The evidence of the plaintiff is substantially as follows: He lived in Oshkosh, Wisconsin, and was in the apple business. He was in Chicago on November 16, 1920, and inspected a car of bulk apples, car "N. T. D. X. 14514," on the Grand Trunk team tracks at 14th street. He opened the car, "dug" into the apples and found them in perfect condition. He bought the car from the Northern Produce Company, and paid down $150, paying the balance When the car arrived at Oshkosh. The bill of lading he surrendered to the Soo Line. No new bill of lading was issued. He went to the local agent of the Grand Trunk and had the car reconsigned to Oshkosh, Wisconsin. The reconsignment order was as follows:
"Division Order Car N. T. D. X. — 14514, Chicago, Nov. 16th, 1920. Local Freight Agent, Grand Trunk Railway. From Michigan, Now on team track. Please reconsign and forward car apples to order Northern Fruit & Produce Company, notify Sam Bruner, Oshkosh, Wisconsin, via Soo Line. Protect through rate of charges follow."
It was signed, "Northern Fruit & Produce Company." The car arrived at Oshkosh on November 22. He took possession of it on November 23, and started on that day to unload it, and finished on the next day. The apples were found to be wet, and a large quantity of them frozen. The car was a ventilated box car, and contained 500 bushels. More than half the car, 300 to 350 bushels, were worthless. The rest he loaded and took to his store. On November 23, the market value of bulk apples in good condition at Oshkosh was $2.75 and $3.00 a bushel. The evidence of Susman, who was with the plaintiff when the latter inspected the car in Chicago, corroborated that of the plaintiff as to the condition of the apples in Chicago, and at Oshkosh, and as to the quantity that was spoiled, and as to the market price.
There was offered in evidence what is. entitled, "Beconsigning Buies of the Interstate Commerce Commission." Number 33 recites that, "For the purpose of applying these rules on fruits and vegetables, the term 'reconsignment' is understood to mean: A: A change in consignee, a change in route or a change in destination, made while a shipment is in transit to its billed destination, also if made after arrival at the billed destination, provided this latter change involves a movement beyond the billed destination."

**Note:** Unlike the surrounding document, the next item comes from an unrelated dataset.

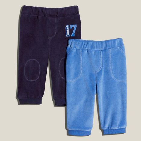 Allure sportive pour bébé avec ce lot de 2 pantalons ! Velours lisse très doux. Confortables. Taille élastiquée assurant un bon maintien. Jeu de surpiqûres. Bas de jambe élastiqués. Ce lot de 2 pantalons bébé garçon est lavable en machine.

The freight bill, which was offered in evidence, showed that the Northern Fruit & Produce Company reconsigned the car and that it was consigned to the Northern Fruit & Produce Company at Oshkosh. It also shows that the plaintiff paid all the freight charges from G-ooding, where the shipment started from, to Oshkosh.
The bill of lading was not put in evidence. The plaintiff served notice on the defendant to produce it, but the defendant failed to do so. An effort was made at the trial to get the defendant to admit in evidence a copy of it, but that was refused.

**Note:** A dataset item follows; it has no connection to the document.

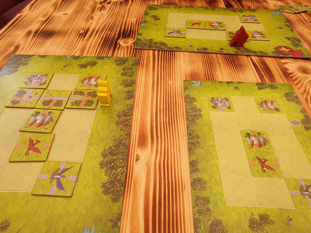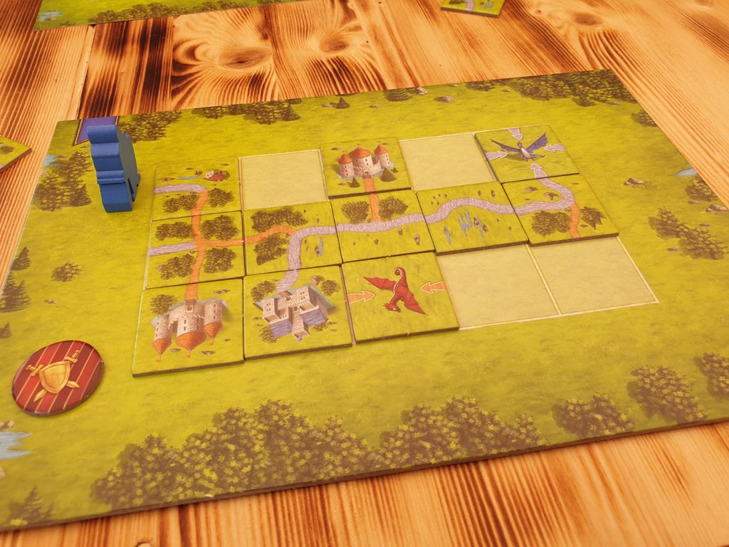 Jeder Spieler erhält ein eigenes Tableau sowie zur Farbe passende Landschaftsplättchen und eine Heldenfigur. Zeitgleich versuchen die SpielerInnen nun die zuvor aufgedeckte Aufgabenkarte auf ihrem Tableau zu lösen. Die Aufgabe gibt an, an welchen Positionen des Tableaus Burgen, Drachen und die Heldenfigur aufgestellt werden müssen. Ziel ist es nun, die Wegeplättchen so auf dem eigenen Heldentableau zu platzieren, dass der Held zu jeder Burg und mit Anstieg der Schwierigkeit auch zu den Drachen gelangen muss.

The defendant's affidavit of merits alleges that on November 9, 1920, at G-ooding, Michigan, it issued to I. Kramer its bill of lading for the transportation, of one car of apples consigned to Northern Fruit & Produce Company, Chicago; that defendant transported said shipment safely and with due care, without delay or damage from Gooding to Chicago and after said car had arrived at Chicago and said transportation under said bill of lading ended, the consignee directed this defendant to forward said car to Oshkosh, Wisconsin; that in obedience to said instruction defendant turned said car over to the Soo Line, which company carried with due and proper care said shipment from Chicago to Oshkosh.
At the outset there is a procedural question. It is claimed for the defendant that the suit was in contract and not in tort, and, therefore, a judgment in favor of one defendant, the Soo Line, and against the other defendant is erroneous. But this is a case of the fourth class, and as in its essence it is to recover damages for negligence and so may be considered in tort, and as no written pleadings are required, and the same rule applies as governs actions before justices of the peace, the objection is not tenable. Edgerton v. Chicago, R. I. & P. Ry. Co., 240 Ill. 311.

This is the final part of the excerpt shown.